The given question is asking me to test the series for convergence or divergence.
$$\sum_{n=1}^{\infty } (\frac{n}{n+1})^{n^2}$$
My attempt, I'm using ratio test and I'm stuck at the limits part.
I don't know how to evaluate $\lim_{n\rightarrow \infty } (\frac{(n+1)^{2n^2+2n+1}}{(n+2)^{(n+1)^2}\cdot n^{n^2}})$
The answer given which is $\frac{1}{e}<1$, so it converges. Hope someone can provide the solution for the limit part, Thanks in advance.
A better way to do this problem is to use the root test. Taking the $1/n$ power of the summand gives $(n/[n+1)])^n$. This limit is much simpler to evaluate, and if you do it carefully, you should yield $1/e < 1$, so the series converges.

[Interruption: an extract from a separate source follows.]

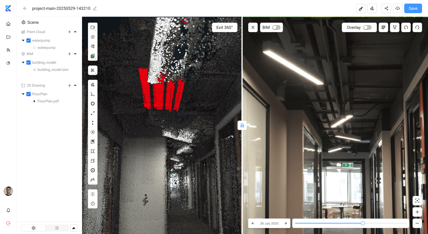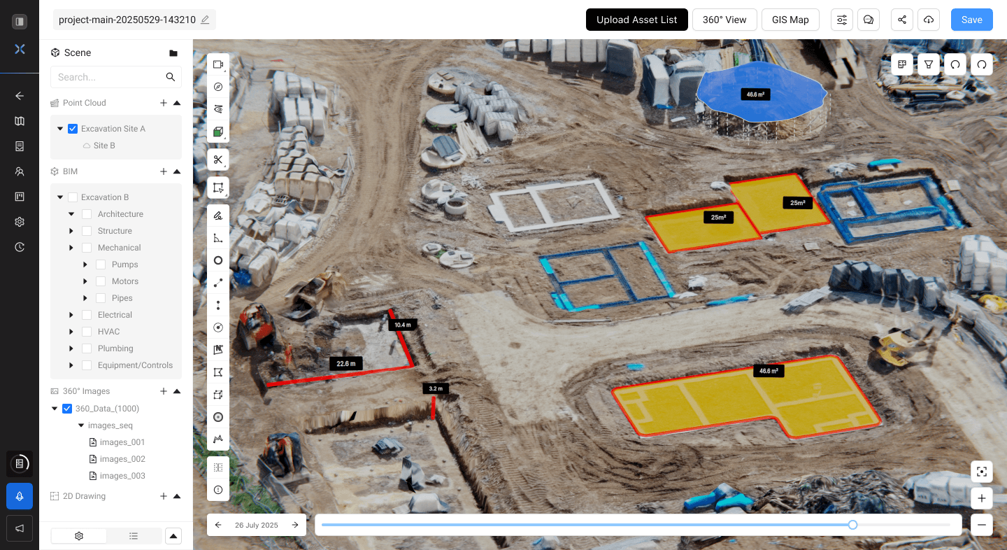 Pairing hardware system like 4DRC’s fixed-point scanner & Spatial Scanner’s portability 4D Digital Twins can be generated which SpatialSense then utilizes to monitor and inspect excavation volumes. Cut/fill progress is tracked and compared with design plans.

If you want to deal with the limit you posted, consider $$u_n= \left(\frac{n}{n+1}\right)^{n^2}\implies \log(u_n)=n^2 \log\left(\frac{n}{n+1}\right)=n^2 \log\left(1-\frac{1}{n+1}\right)$$ Now, use Taylor expansion and get $$\log(u_n)=-n+\frac{1}{2}-\frac{1}{3 n}+\frac{1}{4 n^2}+O\left(\frac{1}{n^3}\right)$$ Similarly $$u_{n+1}= \left(\frac{n+1}{n+2}\right)^{(n+1)^2}\implies \log(u_{n+1})=n^2 \left(1+\frac 1n\right)^2\log\left(1-\frac{1}{n+2}\right)$$ and Taylor again to get $$\log(u_{n+1})=-n-\frac{1}{2}-\frac{1}{3 n}+\frac{7}{12 n^2}+O\left(\frac{1}{n^3}\right)$$ Combining the above $$\log(u_{n+1})-\log(u_{n})=\log \left(\frac{u_{n+1}}{u_n}\right)=-1+\frac{1}{3 n^2}+O\left(\frac{1}{n^3}\right)$$ Taylor again $$\frac{u_{n+1}}{u_n}=\exp\left({\log \left(\frac{u_{n+1}}{u_n}\right) }\right)=\frac{1}{e}+\frac{1}{3 e n^2}+O\left(\frac{1}{n^3}\right)$$
Edit
Making the problem more general with $$v_n= \left(\frac{n}{n+a}\right)^{(n+b)^2}$$ and using the same steps, we should find $$\frac{v_{n+1}}{v_n}=e^{-a}+\frac{a e^{-a} \left(a^2-3 a b+3 b^2\right)}{3 n^2}+O\left(\frac{1}{n^3}\right)$$
Let $a_n = \left(\dfrac{n}{n+1}\right)^{n^{2}}$. Then by the root test,
$\displaystyle \lim_{n \to \infty}\left(a_n\right)^{\frac{1}{n}}= e^{-1} < 1$. Therefore $a_n$ converges.